New horizons in hermeneutics: a review article

By Richard S. Hess

Twelve years after the publication of The Two Horizons, which became a classic work in biblical hermeneutics, Thiselton has produced a major synthesis of the issues and people involved in the questions of interpreting texts. The importance of the work for readers of Themelios justifies a longer review, which can consider the content and some of the theses of the book.

Following an introduction which summarizes the contribution of the study, Thiselton investigates how texts function, both (1) to transform readers, as in speech-acts where texts carry the reader into their own world and may provide a reversal of expectations, and (2) to be transformed themselves through techniques such as intertextuality with changing language functions and pre-intentional backgrounds as well as through semiotics and deconstructionism. The difficulties of grasping an area of research so heavily laden with jargon should not be minimized (i.e. this is not a text for the beginner), but the discussion of its various usages and implications is one of the book’s strengths.

The chapter ‘What is a Text?’ surveys the developments in hermeneutics following on the traditional ‘classical-humanist’ paradigm which emphasized the author’s intention and its possibility of recovery through a study of the text and the context of its origins. The New Criticism challenged the recoverability of authorial intention and turned to a focus on the text itself. Northrop Frye introduced the postmodernist emphasis on the context of the reader or audience for understanding the text. The American development of reader-response theory suggested that the readers themselves create meaning from the text. Reader interests became dominant. In his application of these ideas to biblical studies, Thiselton considers the sense in which promises are given to Israel and to the church but it remains for the hearers to believe and to appropriate them. Further, he observes the Christian confession of the role of the Holy Spirit at work in the origin of the texts, in their transmission, and in the lives of the readers. The developments in hermeneutics imply that readers do their reading in the context of social communities, certainly the community of believers but others as well. Further, books such as Job and Ecclesiastes are written without a specific answer to the problems which they address. These texts invite the reader to participate in the problem, to wrestle with the issues. Thiselton argues that these approaches do not ‘foreclose questions’ about interpretations. However, he also affirms that the role of the authors and the biblical contexts must not be sacrificed in any reading and that these provide guidance to the interpreter.

In the chapter ‘From Semiotics to Deconstruction and Post-Modernist Theories of Textuality’, Thiselton provides a survey of the present landscape of how people deal with texts. Semiotics refers to the way in which texts presuppose a code or sign-system as a means to communicate. The ideas of Ferdinand de Saussure represent the foundation of semiotics, especially the principles that all signs are arbitrary in their value or meaning, that meaning is based on the differences or relations within the sign-system, and that concrete acts of speech (parole) are to be distinguished from the language system (langue) which is abstract and not found in the external world.

Thiselton goes on to trace the development of structuralism by Claude Lévi-Strauss and its Marxist application by Roland Barthes. He describes its successor, deconstructionism. However, Thiselton argues that deconstructionism is not a logically necessary consequence of semiotics.

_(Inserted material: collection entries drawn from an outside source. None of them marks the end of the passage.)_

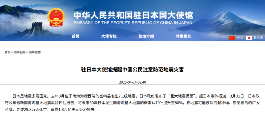 4月中旬,中國駐日本大使館的網站上發佈消息,提醒大家注意防範地震災害。消息中提到,日本政府在3月31日公佈一份報告,指出未來30年內南海海槽大地震的發生概率從70%提升到了80%。
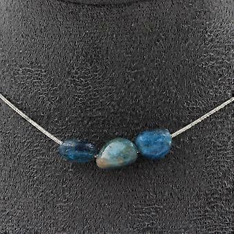 3-pearl necklace Blue Apatite from Brazil Stainless steel chain
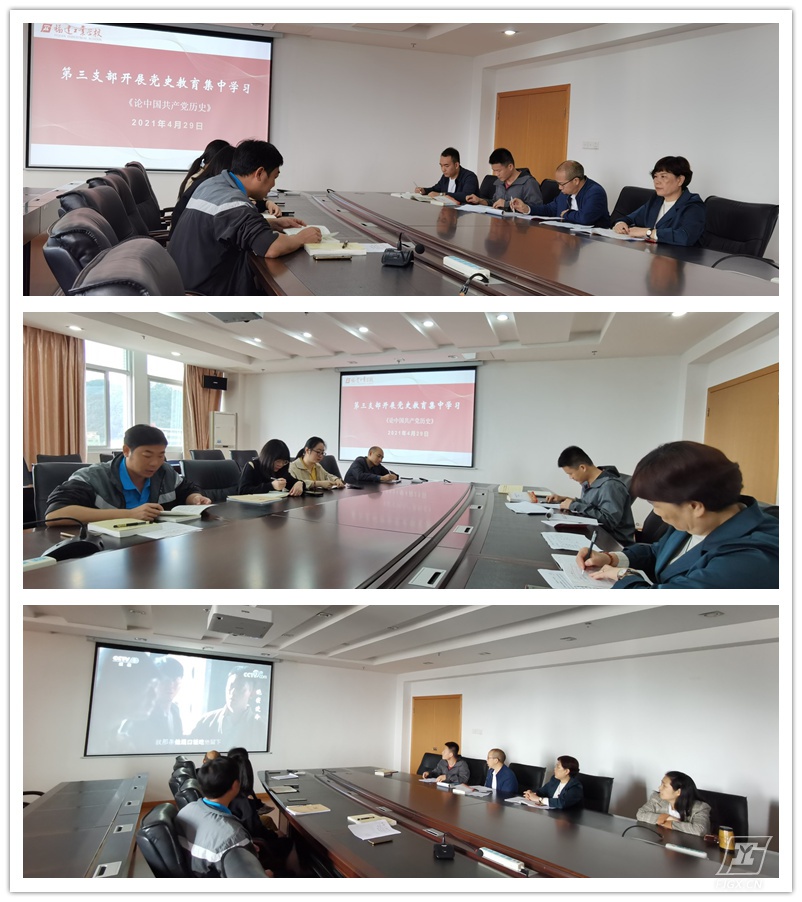 我校第三党支部于2021年4月29日下午开展党史主题学习会。会上,党支部书记李旭东同志、组织委员王国鹏同志、宣传委员黄少聪同志带领支部全体党员分别学习了《论中国共产党历史》《习近平新时代中国特色社会主义思想学习问答》《中国共产党简史》等。全体党员认真学习,深入领会习近平新时代中国特色社会主义思想,并积极发表学后感悟。
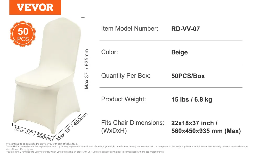 Le fodere per sedie in spandex elasticizzato VEVOR sono disponibili in un elegante colore bianco avorio. Questo colore aggiunge raffinatezza e classe a qualsiasi luogo. Si adatta a vari temi di eventi e stili di arredamento, rendendolo una scelta versatile. Il colore bianco avorio offre un aspetto pulito e fresco che esalta l'estetica generale del tuo spazio per eventi. Perfette per matrimoni, banchetti e riunioni di lusso, queste fodere aiutano a dare il tono a una celebrazione elegante e indimenticabile.
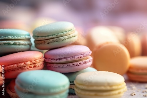 Obraz premium Colorful macaroons on table, generative ai
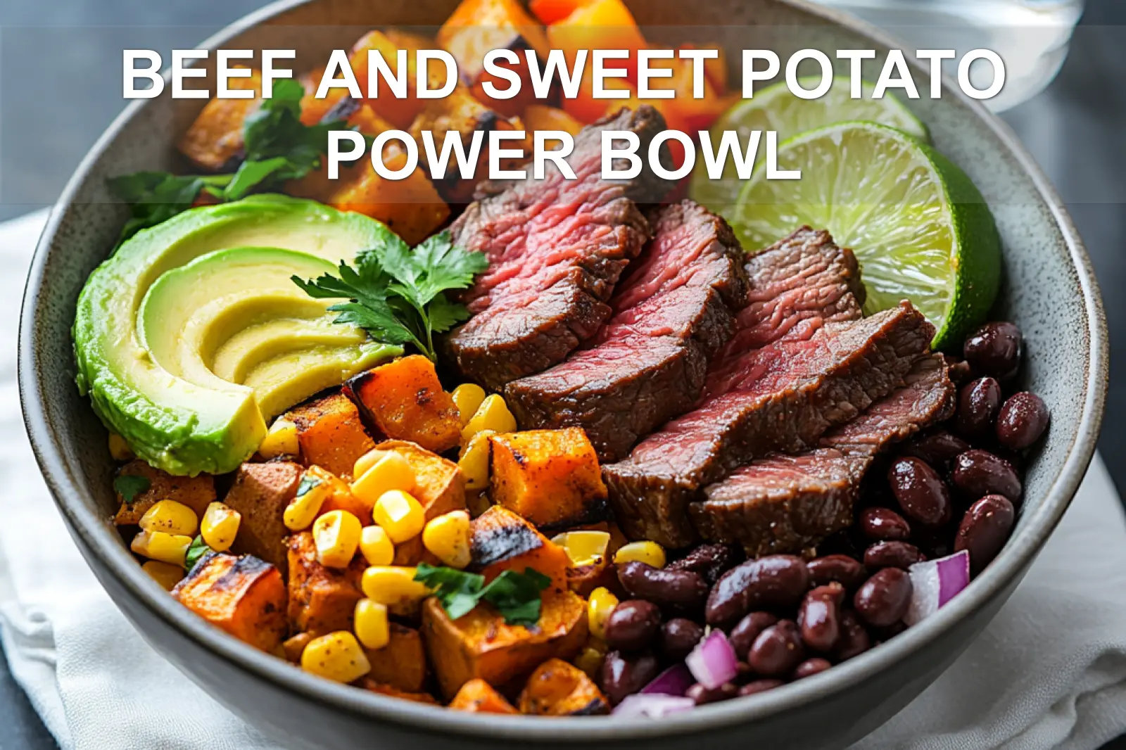 - Assemble the bowls: Start with a base (like rice, quinoa, or greens). Layer roasted sweet potatoes, beef slices, veggies, black beans, and corn. Top with avocado slices, chopped cilantro, and a final drizzle of lime juice.
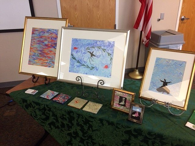 During March 2019 Islamic Arts Society put up a display of Islamic Arts at the R B Tullis branch of Montgomery Public Library. The art was displayed in the library cabinets for the whole month. Artist Shaheen Rahman also conducted an Ebru workshop as part of the display which was well received by library goes in Montgomery County.
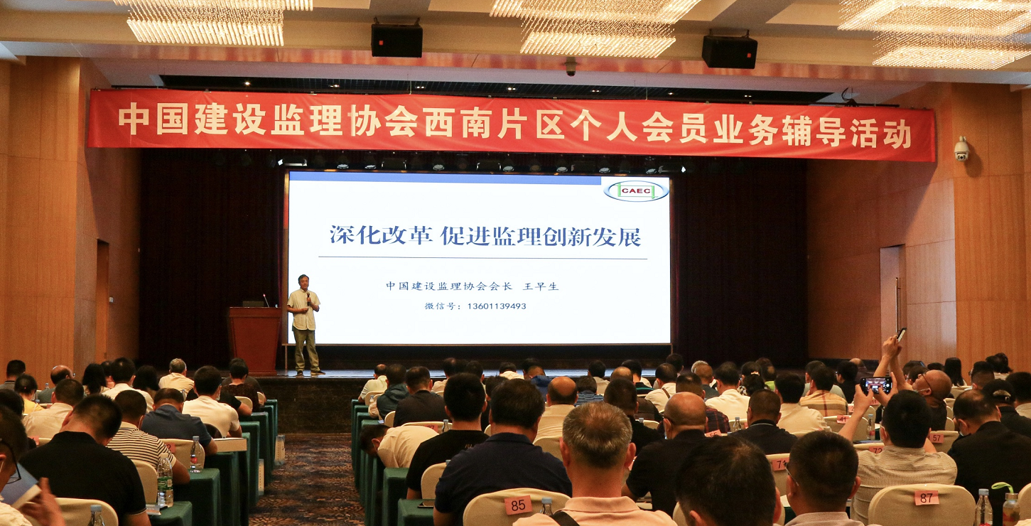 2021年6月10日,中國建設(shè)監(jiān)理協(xié)會(huì)在重慶市舉辦了西南片區(qū)個(gè)人會(huì)員業(yè)務(wù)輔導(dǎo)活動(dòng)。中國建設(shè)監(jiān)理協(xié)會(huì)會(huì)長(zhǎng)王早生出席活動(dòng)并作專題講座。來自云南、貴州、四川、重慶約250余名會(huì)員代表參加了本次活動(dòng)。活動(dòng)由中國建設(shè)監(jiān)理協(xié)會(huì)副會(huì)長(zhǎng)、重慶市建設(shè)監(jiān)理協(xié)會(huì)會(huì)長(zhǎng)雷開貴,中國建設(shè)監(jiān)理協(xié)會(huì)副會(huì)長(zhǎng)、四川省建設(shè)工程質(zhì)量安全與監(jiān)理協(xié)會(huì)秘書長(zhǎng)付靜主持。

Jacques Derrida argues for the absence of both signatory and referent in texts. The text is a mark of what has gone before and a trace of what is to come. However, the mark itself must be erased in an onward movement. Derrida suggests that writing has priority over speech. Even more, it has priority over the human psyche. At this point the discussion moves beyond a theory of textuality and into philosophy. Thiselton will allow for the use of deconstruction as a method in the interpretation of certain biblical texts, particularly those which are subversive, i.e. texts such as Job, Ecclesiastes, and the parables of Jesus, all of which challenge the accepted tradition. However, the method cannot function as an iconoclastic philosophy which denies any connection of self with the text and allows for any interpretation as equally valid. Thiselton comments (p. 122):

… what would or could count as counter-examples or as falsification in the face of such a theory? Once again, when deconstructionist and post-modernist insights of iconoclastic method become inflated into some world view which is allegedly anti-metaphysical but in practice comes to function as a metaphysic, the whole system becomes self-defeating, a mere negative against someone else’s positive. To set this up as a model of textuality as such is to imperialize all texts within a single system, while superficially rejecting any notion of system.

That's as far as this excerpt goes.